考えてみてください。たとえばガンバ大阪ユースの宇佐美君にグルノーブルが手をつけようとしたら、と。セレッソ大阪の柿谷は? 日本の宝ともいうべき育成年代の少年に「欧州でプレーするなら、欧州のチームにいたほうがいい」と甘い言葉をささやいたとしたら?
言ってはなんですが、グルノーブルは欧州といってもフランスの2部。選手も全員がプロというわけではないようで、2005年末の時点では、プロ契約は16人しかいなかったそうです。歴史も浅く、地元の複数のアマチュアチームを合併してからまだ9シーズン目。実は大分よりも若いチームなのです。そんなチームに、欧州だからといって移籍しても、はたしてどれだけのメリットがあるのか?と思ってしまうのもしょうがないのではないでしょうか。

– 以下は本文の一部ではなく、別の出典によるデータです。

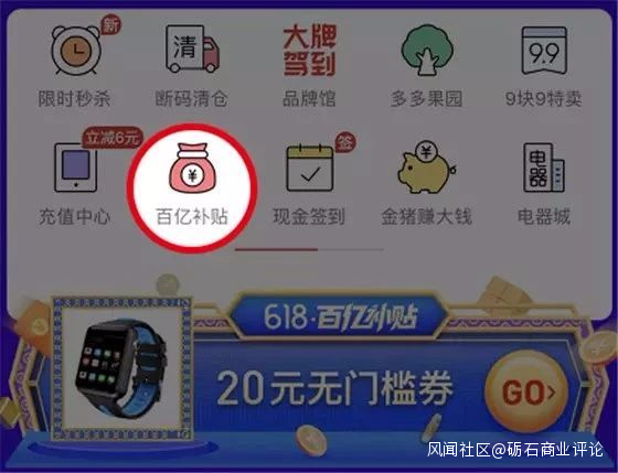 2019年6月1日,拼多多宣佈全面啓動618大促,將聯合品牌商共同投入驚人的100億現金補貼,加入2019年的618電商大戰。100億現金補貼,拼多多投入了不輸於京東、天貓等20000億交易規模巨頭的資源進行飽和攻擊,以截胡過去主要由京東、天貓壟斷的中產階級與白領用户。
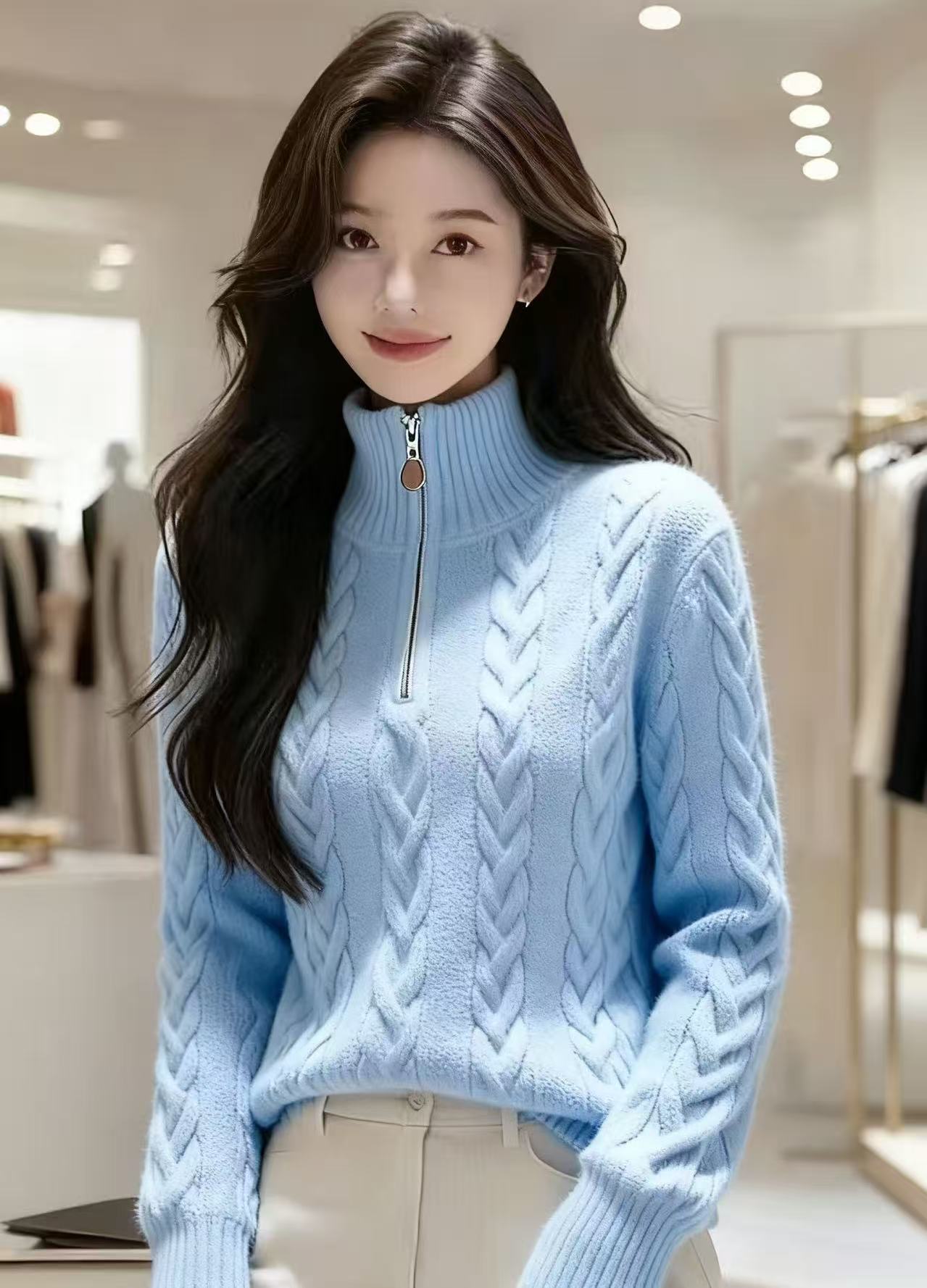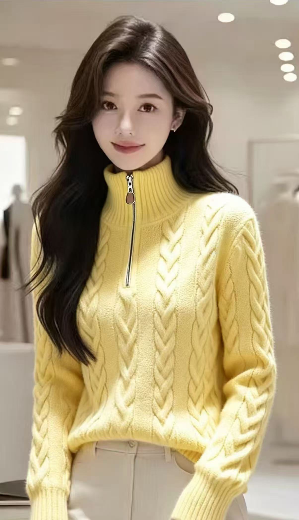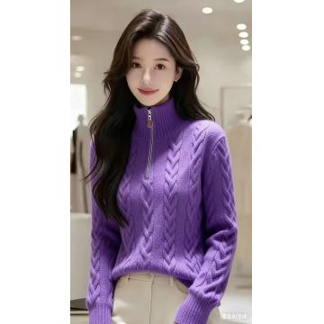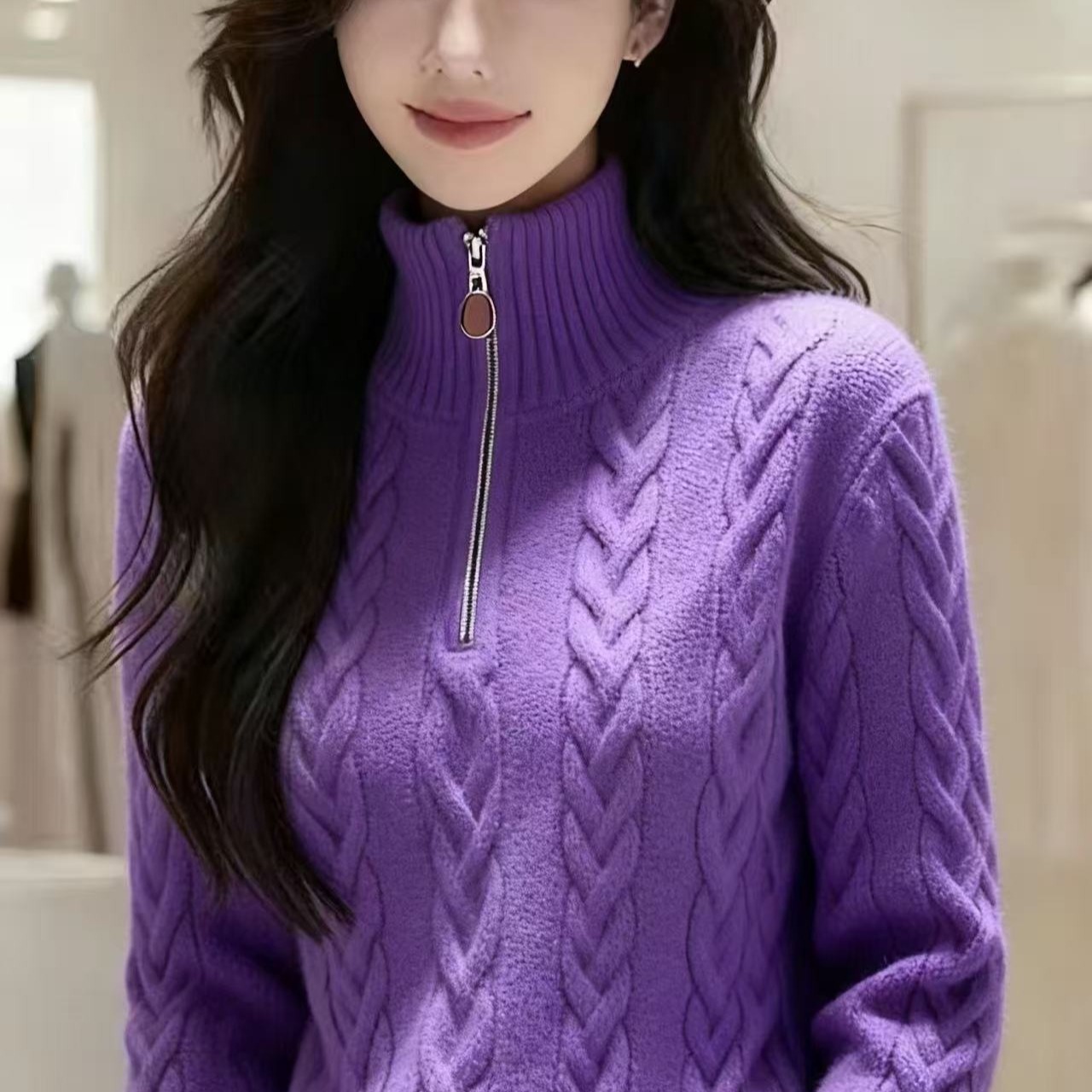FA50365# 纯羊毛衫女半拉链立领加厚保暖外搭打底秋冬季新款高级感舒适毛衣 服裝批發女裝批發服飾貨源

ではなんでグルノーブルがここまで日本で注目されているのでしょう。それはもちろん親会社のインデックスがあるからです。
インデックスは言わずとしれた日本企業。携帯コンテンツから大きくなったいわゆる新興のIT企業です。インデックスは国内外の企業を買収して、大きくなっていきました。そのインデックスがなんでグルノーブルの親会社になったかというと、フランスの携帯向けコンテンツプロバイダである123 Multimedia社を2004年の8月に子会社化したことに始まります。IT化を推進するグルノーブル市の仕事を受注したことをきっかけに、市全体のIT化を総合的にプロデュースすることになったインデックスは、2004年の末に株式の50.0003%を取得してグルノーブルフット38のオーナーとなりました。
「インデックスの投資は欧州戦略の一環だ。クラブオーナーともなれば事業展開をする上での信用度は抜群になる。市としてもクラブ経営の負担から逃れられるし、携帯事業の技術提供が受けられる。願ったりかなったりだ」(スポニチ)おそらくこれに加え、日本での会社の知名度を上げるためもあるでしょう。要は「名前を売るため」にチームを買ったわけである。

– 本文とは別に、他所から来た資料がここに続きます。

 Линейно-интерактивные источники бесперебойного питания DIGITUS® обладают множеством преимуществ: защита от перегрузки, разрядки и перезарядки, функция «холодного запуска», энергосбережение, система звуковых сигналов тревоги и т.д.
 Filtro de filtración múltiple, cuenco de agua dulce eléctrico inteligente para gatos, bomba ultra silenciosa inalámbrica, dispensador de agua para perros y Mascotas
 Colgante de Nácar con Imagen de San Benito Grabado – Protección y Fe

では、グルノーブル市との契約が解除された時、はたしてインデックスはそのまま親会社としてチームを維持するでしょうか? 欧州での仕事が少なくなったら? 会社の経営がうまくいかなくなったら? 撤退はなくても、出資を控え、持ち株の比率を減らすことは十分に考えられます。
その時、チームに所属している日本人選手はどうなるのでしょう? 育成のために日本から呼んだユースの選手は? 日本の宝の少年達が、途中で放り出されるとしたら?
こういってはなんですが、インデックスからサッカーへの愛情は感じられません。名前を売るために手近なチームを買った企業は、苦しくなれば売るのも早い。売った後は知らん振りです。アフターサービスなんてあるわけありません。
グルノーブルフット38は、グルノーブル市の大切なサッカークラブです。大分のトリニータのように、地元を共に歩む「おらが町のチーム」でしょう。しかし、それはあくまでもグルノーブル市にとってです。株式会社インデックスにとってではありません。そしてここ一連のグルノーブルフット38への日本人の移籍を主導しているのは、株式会社インデックスなのです。
司がグルノーブルで過ごす5ヶ月間の間、どれだけのものを吸収してくるかはわかりません。すごく成長するかもしれませんし、思ったようにいかないかもしれません。グルノーブルはあくまでステップのひとつに過ぎないのですから、あせらず、でも一生懸命頑張ってほしいと思います。
できれば5ヵ月後、大分に帰ってきてほしい。そしてその時は伊藤翔もいっしょに大分に連れて帰ってきてほしいものです。
5ヵ月後の伊藤翔の加入と司の復帰をもって、今回の移籍騒動は大分の完全勝利として本当の結末を迎える。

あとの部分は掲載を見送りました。